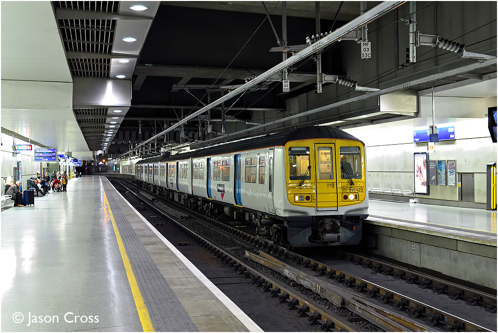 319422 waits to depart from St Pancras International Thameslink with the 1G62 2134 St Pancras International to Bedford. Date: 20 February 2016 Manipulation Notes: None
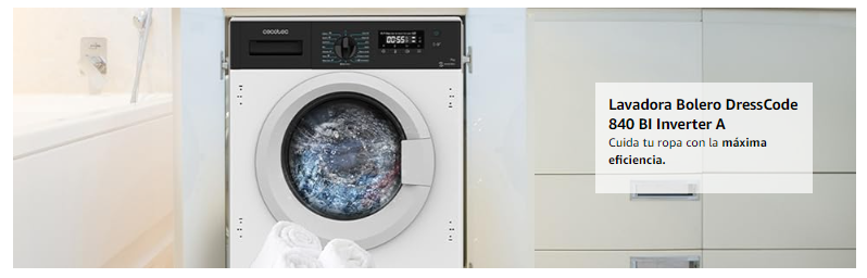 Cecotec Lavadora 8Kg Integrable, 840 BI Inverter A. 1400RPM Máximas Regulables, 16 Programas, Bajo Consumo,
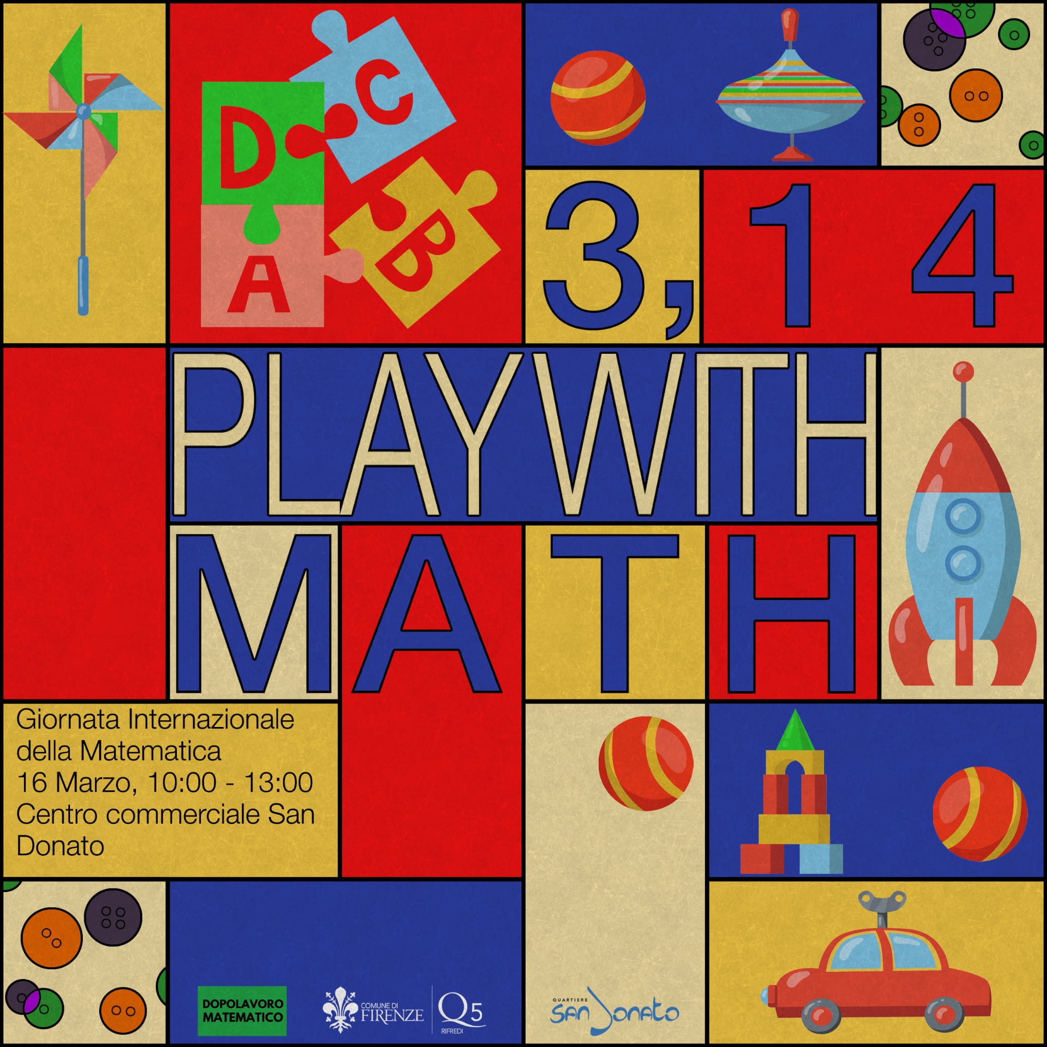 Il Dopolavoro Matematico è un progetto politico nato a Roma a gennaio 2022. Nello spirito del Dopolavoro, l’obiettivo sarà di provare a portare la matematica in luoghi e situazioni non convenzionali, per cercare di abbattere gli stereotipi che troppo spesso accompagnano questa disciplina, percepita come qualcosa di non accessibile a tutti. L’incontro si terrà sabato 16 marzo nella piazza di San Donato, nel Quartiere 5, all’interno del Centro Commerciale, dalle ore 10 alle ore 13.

++++++++

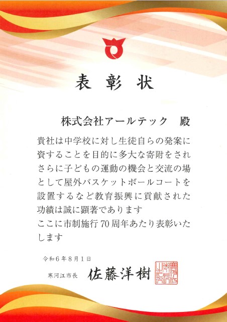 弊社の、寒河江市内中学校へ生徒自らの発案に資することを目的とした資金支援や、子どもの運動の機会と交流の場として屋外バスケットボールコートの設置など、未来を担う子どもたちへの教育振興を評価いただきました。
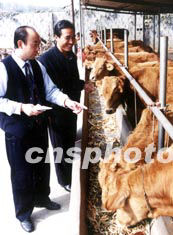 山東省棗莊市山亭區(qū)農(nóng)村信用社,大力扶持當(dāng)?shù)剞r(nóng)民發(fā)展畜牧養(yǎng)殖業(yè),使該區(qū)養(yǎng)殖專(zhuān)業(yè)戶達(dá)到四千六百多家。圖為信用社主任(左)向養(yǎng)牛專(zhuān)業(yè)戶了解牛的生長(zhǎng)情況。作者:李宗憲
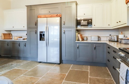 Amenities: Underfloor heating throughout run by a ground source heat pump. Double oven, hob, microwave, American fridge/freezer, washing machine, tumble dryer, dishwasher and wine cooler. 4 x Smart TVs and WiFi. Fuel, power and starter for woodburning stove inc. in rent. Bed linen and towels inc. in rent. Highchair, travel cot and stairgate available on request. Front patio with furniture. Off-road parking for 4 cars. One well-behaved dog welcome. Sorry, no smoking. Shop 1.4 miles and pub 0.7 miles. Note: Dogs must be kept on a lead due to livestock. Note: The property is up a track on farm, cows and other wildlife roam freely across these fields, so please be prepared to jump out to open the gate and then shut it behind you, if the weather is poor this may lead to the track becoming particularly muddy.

++++++++

#### Work task
In the data above, start at the line holding "319422 waits to" and stop after the line holding "Cecotec Lavadora 8Kg"; write out those lines exactly, without pictures.

#### Answer to this problem
 319422 waits to depart from St Pancras International Thameslink with the 1G62 2134 St Pancras International to Bedford. Date: 20 February 2016 Manipulation Notes: None
 Cecotec Lavadora 8Kg Integrable, 840 BI Inverter A. 1400RPM Máximas Regulables, 16 Programas, Bajo Consumo,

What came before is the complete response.